A Diffusion Approximation for Temporal-Difference Learning with Linear Features under Markovian Noise
Abstract
Temporal difference (TD) learning with linear function approximation is a core method for policy evaluation. Its classical continuous-time description is an ordinary differential equation (ODE), which captures the asymptotic mean dynamics but neglects stochastic fluctuations determining the error floor. We introduce a stochastic differential equation (SDE) approximation for linear TD(0) under Markovian noise. The resulting model distinguishes the contraction dynamics governed by the projected Be...
Description / Details
Temporal difference (TD) learning with linear function approximation is a core method for policy evaluation. Its classical continuous-time description is an ordinary differential equation (ODE), which captures the asymptotic mean dynamics but neglects stochastic fluctuations determining the error floor.

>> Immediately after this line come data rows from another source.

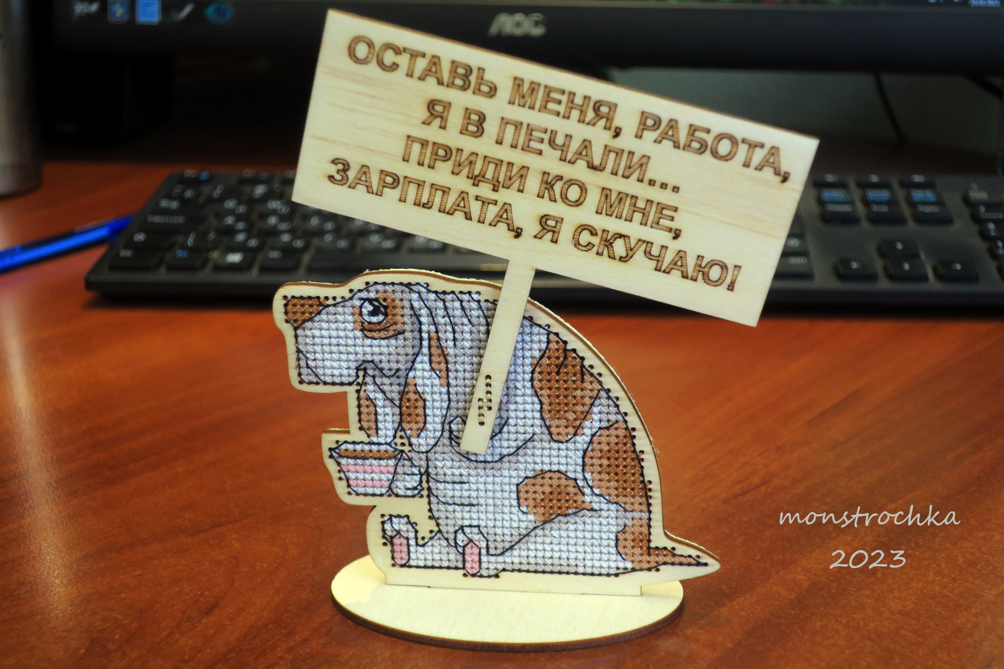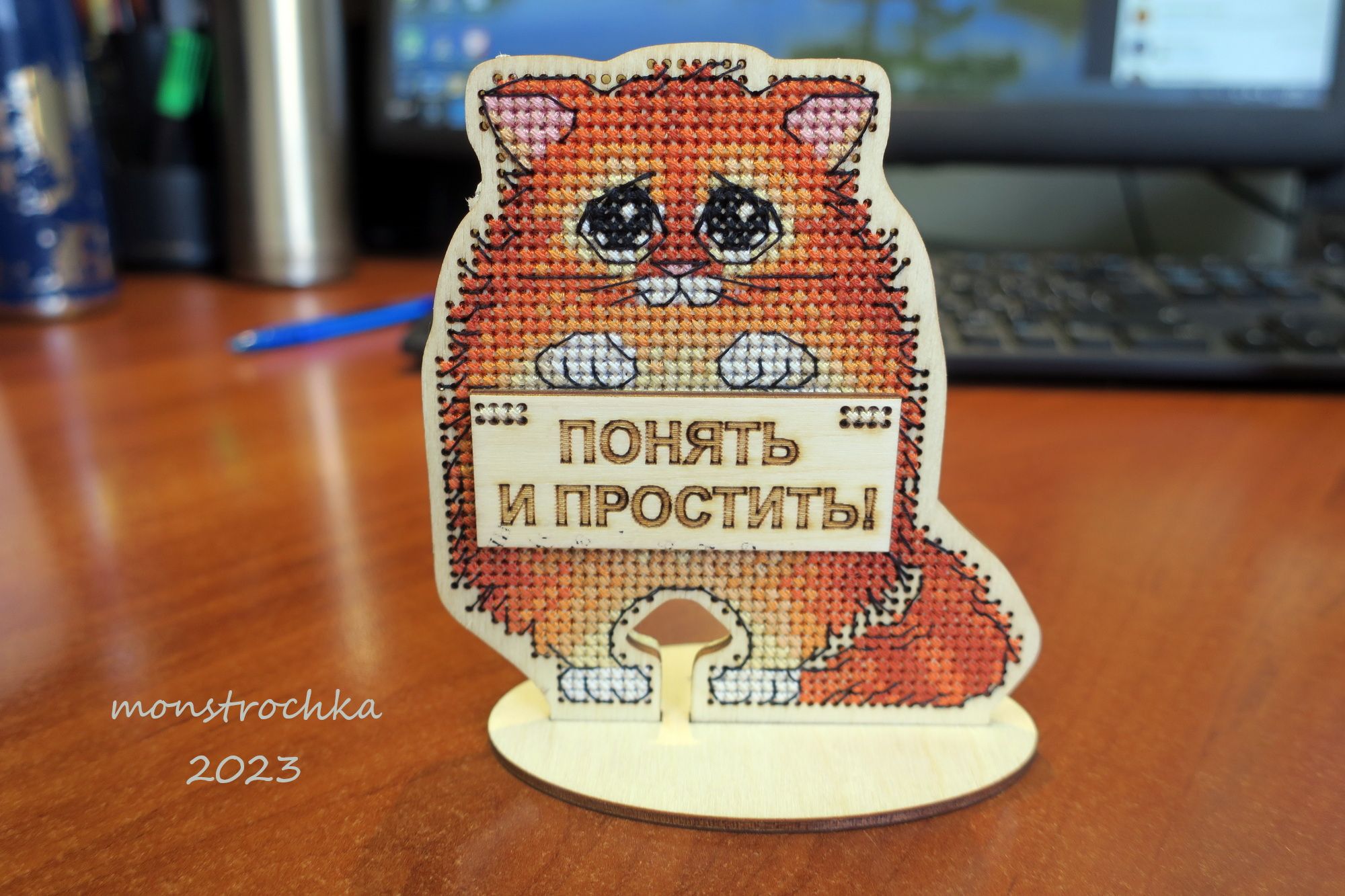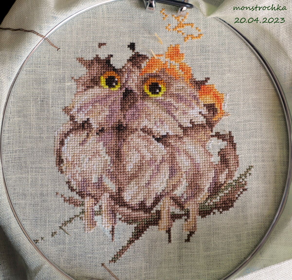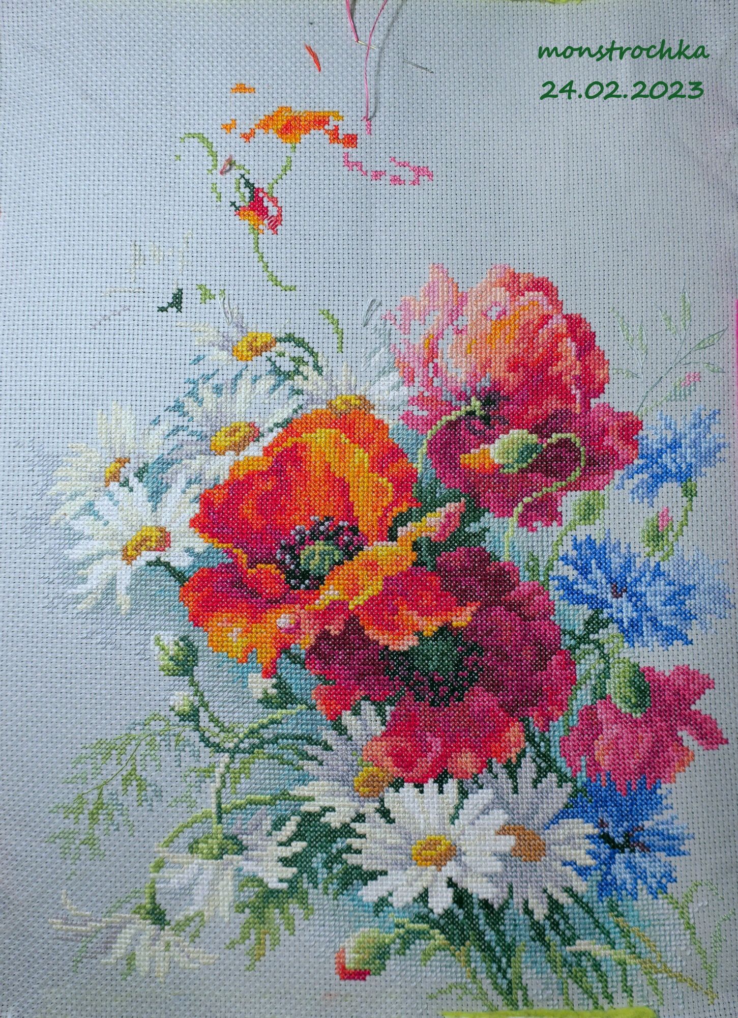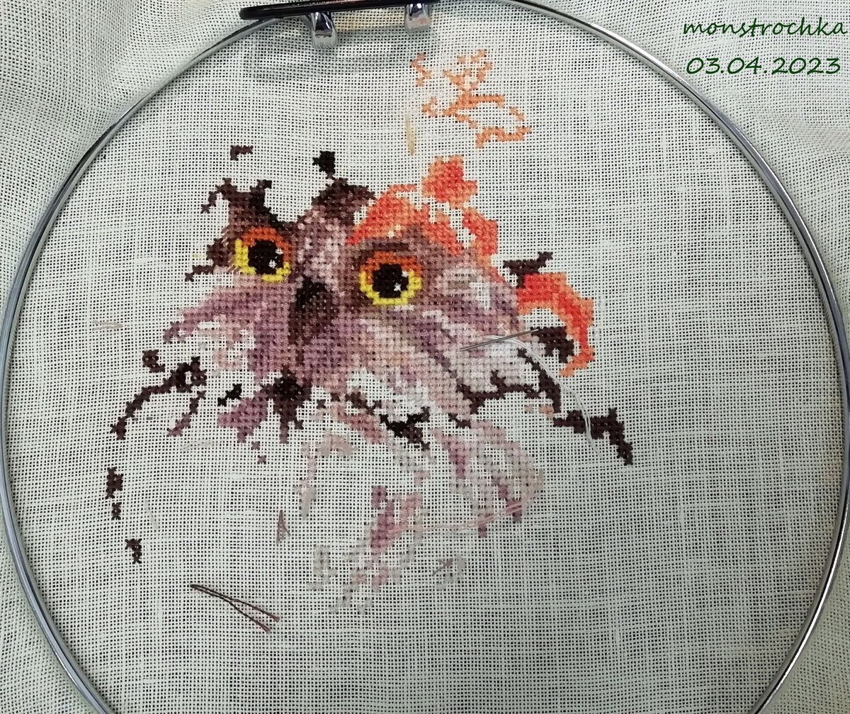 4 марта 2023 Привет, драгоценные! Ну что, проползли февраль? Я вот да ... именно, что проползла. Самый эмоционально поганый для меня месяц в году, по которому я обычно передвигаюсь, вцепляясь зубами в каждый день и протаскивая себя через него на силе воли, музыке, вышивке и (в этом году) еще и спорте . Ближе к марту правда начало темнеть позднее, светлеть пораньше и немножко добавили подзабытого за зиму солнца в атмосферу, так что я вроде приободрилась. Но как бы то ни было, вышивать на неделе (в связи спортом в основном) мне удавалось не так много, так что "что выросло, то выросло"... 1. КосмоШар Ксении Адоньевой - завершен В этот раз я даже сделала прям более менее правильные веревочные обвесы на шарик, мне очень нравится как оно вышло. Не идеально ровно, но всё равно симпатично. Шар поменьше первого цветочного, так как вышивался на 32 льне, против первого, который был на Линде 27. Благополучно передан новой хозяйке. 2. Маки от ЧИ - продолжены. было: стало: Ну тут без особых рывков, сами видите. Нравится дизайн бесконечно, активно думаю, кому бы его пристроить по окончании, чтобы не залеживался долго без оформления 3. Восток от Химеры - продолжен Иии... нет, снова не покажу. Сравнила фото последнего, чего я сюда приносила, и фото с последнего моего подхода к этому батальному полотну и решила, что оно по прежнему не интересно стороннему зрителю. Куча кляксочек по полотну, фи 4. Митинг "У Аннушки" (всё по прежнему не процессное) Февраль достаточно продуктивно обозначился тремя новыми лозунгами... На самом деле четырьмя, но четвертый (дубль рыжего кота с лозунгом "Работа, перейди на Федота") без фотографии был сразу в день окончания передан в руки подруге, переходящей на новую работу Не белочка Зинаида, конечно, по степени позитивной офигенности, но тоже очень неплохо))) Итого, в закромах у меня осталось всего две заготовки и можно будет вручать коллекцию коллегам. Хотя, возможно дотяну до 1 апреля все таки . А, еще немного дополнила прошлый Цветочный шар, упаковав в корзинку букет из искуственных цветочков, что некоторое время назад вручила мне моя чудесная крестница. Мне кажется, что они очень удачно вписались) И всё, прикиньте... Прогулочного невышивательного и показать нечего своего... и даже КотоБатон Серого я в феврале не фотала (как я могла! ). Ладно, у меня есть другая довольная жизнью котоморда от старшего брата))) В общем на этой ноте, а также присланной всё тем же старшим братом из Калифорнии фото цветущей тюльпановой магнолии (хоть где-то тепло и вообще весна ) , я завершу свой отчет за февраль... Пока-пока! *с гиканьем умчалась в март* Alina1989, lamina-65, Миссис Мыштон и 44 других сказали спасибо Поделиться сообщением Ссылка на сообщение
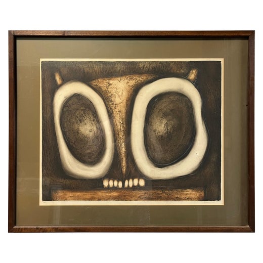 Mitte des Jahrhunderts Eule Joseph Demarais Lithographie Radierung
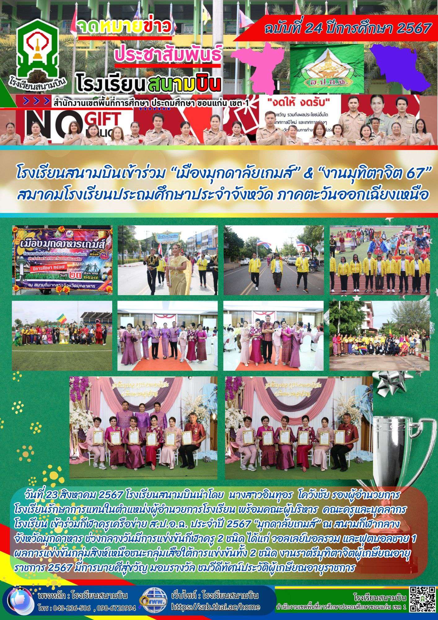 โรงเรียนสนามบินเข้าร่วม ?เมืองมุกดาลัยเกมส์? & ?งานมุทิตาจิต 67? สมาคมโรงเรียนประถมศึกษาประจำจังหวัด ภาคตะวันออกเฉียงเหนือ
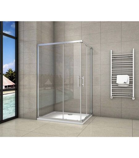 AICA SANITAIRE Cabine de douche 100x110x195cm en 6mm verre anticalcaire porte de douche coulissante l'accès d'angle
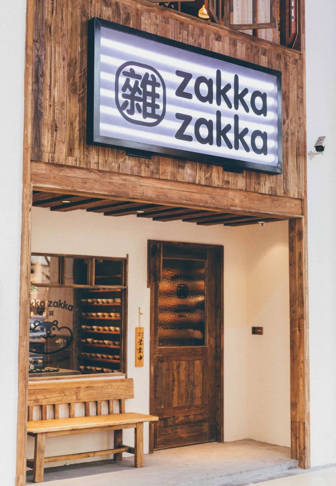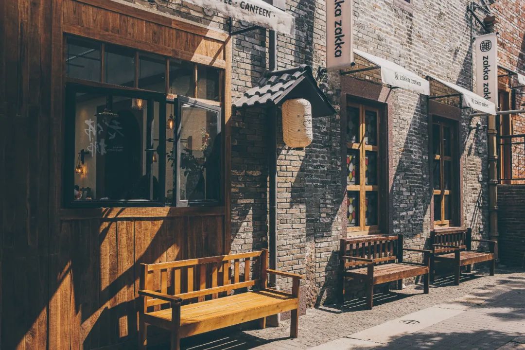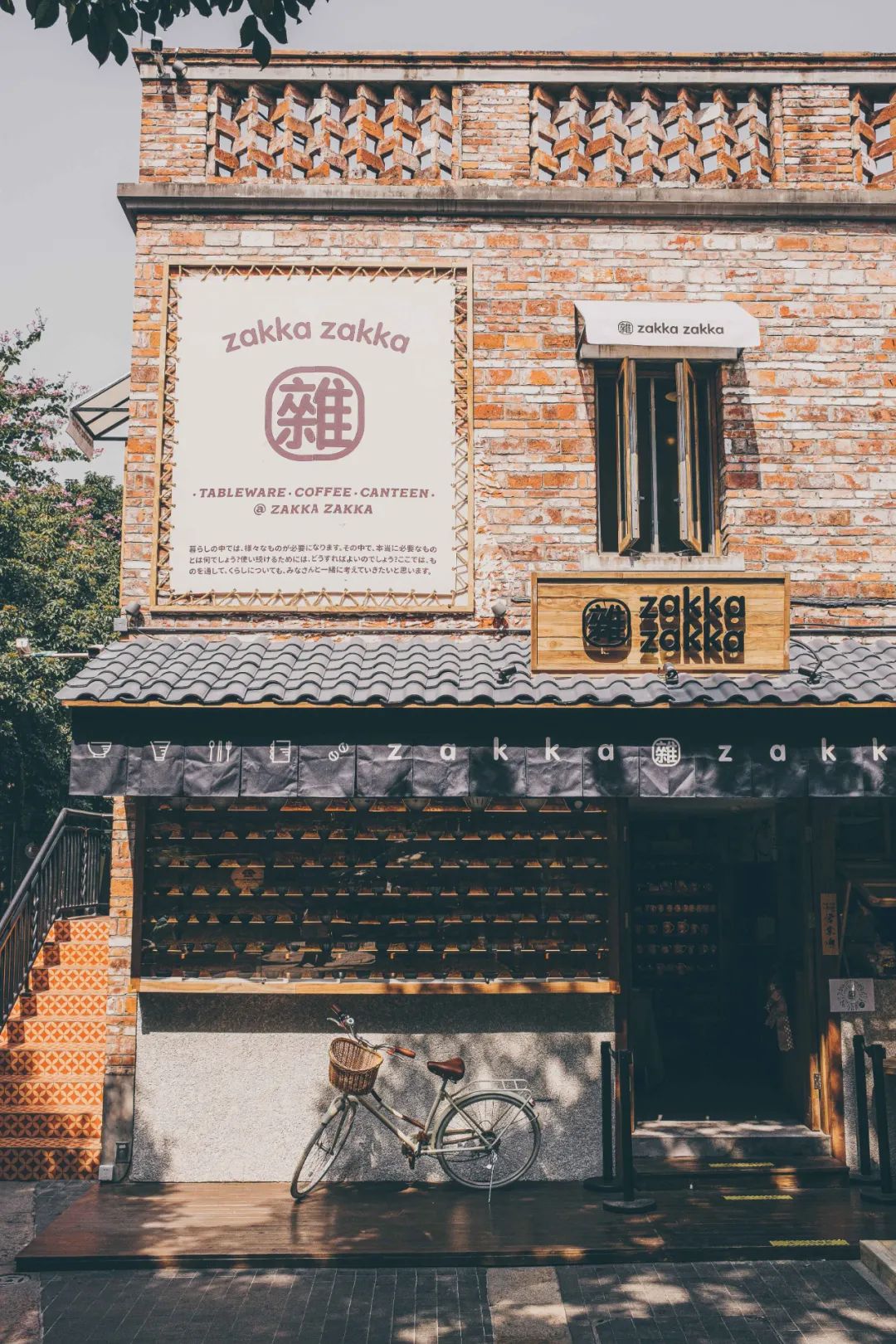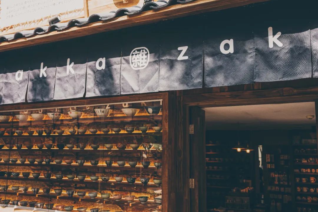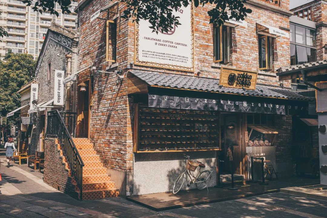 「zakka zakka 日料雜貨」岭南天地店得益于找到了一幢百年建筑,于是团队决定将日式乡村风格与岭南建筑结合一起。所以看到的砖瓦楼房下,挂着日式的帷幕灯笼。仿佛穿越到了京都,但又好像不是。

We introduce a stochastic differential equation (SDE) approximation for linear TD(0) under Markovian noise. The resulting model distinguishes the contraction dynamics governed by the projected Bellman operator from the influence of Markovian sampling. As a consequence, the model explains the constant-stepsize error floor through the interaction between Markovian long-run covariance and the contraction geometry of the projected Bellman operator.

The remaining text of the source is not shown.